The SFC recognises that the current regulatory requirement for detailed pre-vetting of notices and advertisements adds costs and delay to the market. The SFC therefore proposes to replace pre-vetting with post-vetting and monitoring in so far as the law permits.
This initiative would help improve the timeliness of notification to investors and the promotion of products by the market. The proposed changes would also better align Hong Kong’s regulatory requirements with international standards and practices in this area.
Mrs Alexa Lam, the SFC’s Executive Director of Intermediaries and Investment Products, said: “We are committed to promoting and strengthening the position of Hong Kong as an asset management hub in Asia.
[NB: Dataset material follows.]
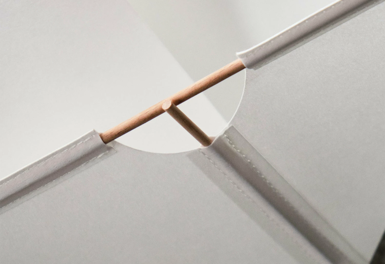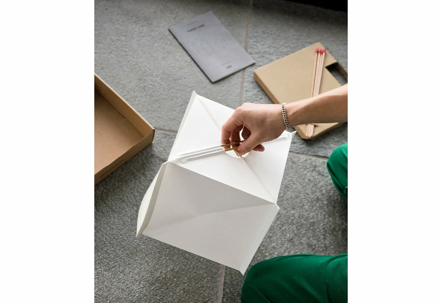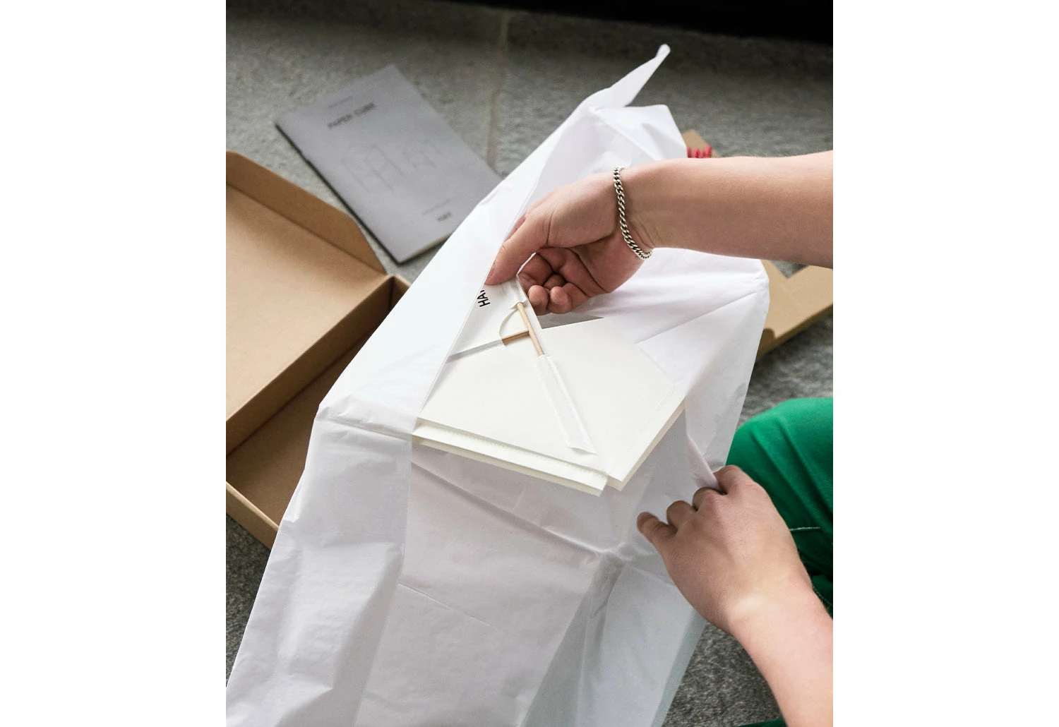 Flat-packed and easy to assemble, the table lamp is constructed from a strong Japanese paper material made from recycled PET bottles. The legs are made with FSC-certified beech.
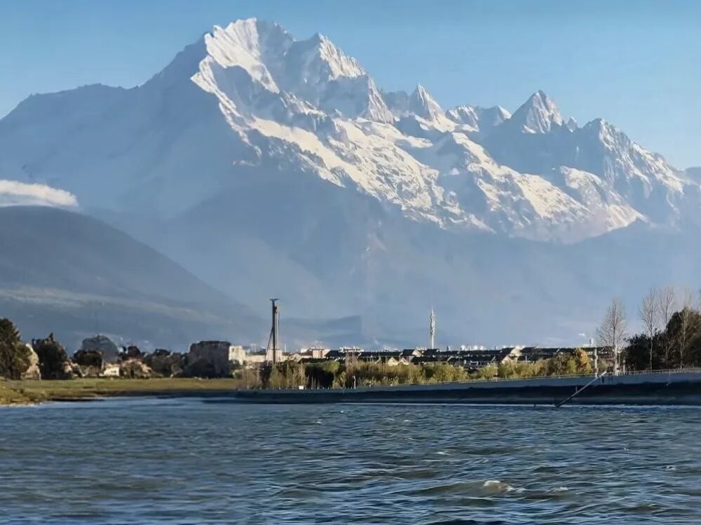 云雾如羞涩面纱,不肯轻易展露十三峰真容。冬日晴空之下,雪山轮廓愈发壮观,积雪覆盖让山体纹理清晰分明,黑白交错间棱角刚毅,宛如静卧的玉龙,在阳光下闪烁凛冽银光。

The current proposal is another step towards lowering compliance costs and keeping the rules simple.”
The key aspects of the proposal are:
- to remove pre-vetting for most notices as well as advertisements falling within the exemptions under the Securities and Futures Ordinance (Note 2). On implementation, the SFC will continue to monitor compliance through subsequent reviews of filed notices and surveillance of issued advertisements.
- to establish a common set of advertising guidelines for all schemes authorised under the four Product Codes. The revised guidelines will provide more specific guidance to the market in terms of disclosure and presentation requirements in advertisements.
- to invite comments on whether back-tested and simulated performance information should be allowed for passively managed formula funds.
The public are invited to submit comments in writing before 29 February 2008. Following the consultation, the SFC will publish a conclusions paper to summarise the views collected and set out the final proposal.
The Consultation Paper is available at the SFC office and on the SFC website at www.sfc.hk.
Comments may be sent:
by mail to:
Investment Products Department
Intermediaries and Investment Products Division
The Securities and Futures Commission
8/F Chater House
8 Connaught Road Central
Hong Kong
by fax to:
(852) 2877 0318
by online submission at:
http://www.sfc.hk
by email to:
ipconsult@sfc.hk
Ends
Notes to Editor:
1. The four Product Codes are the Code on Unit Trusts and Mutual Funds, the Code on Investment-Linked Assurance Schemes, the Code on Pooled Retirement Funds and the Code on MPF Products. These Product Codes establish guidelines for the authorisation of collective investment schemes.
2. Under section 103 of the SFO, it is unlawful to offer any collective investment schemes to the public in Hong Kong, unless it is authorised by the SFC, or is exempted under the SFO.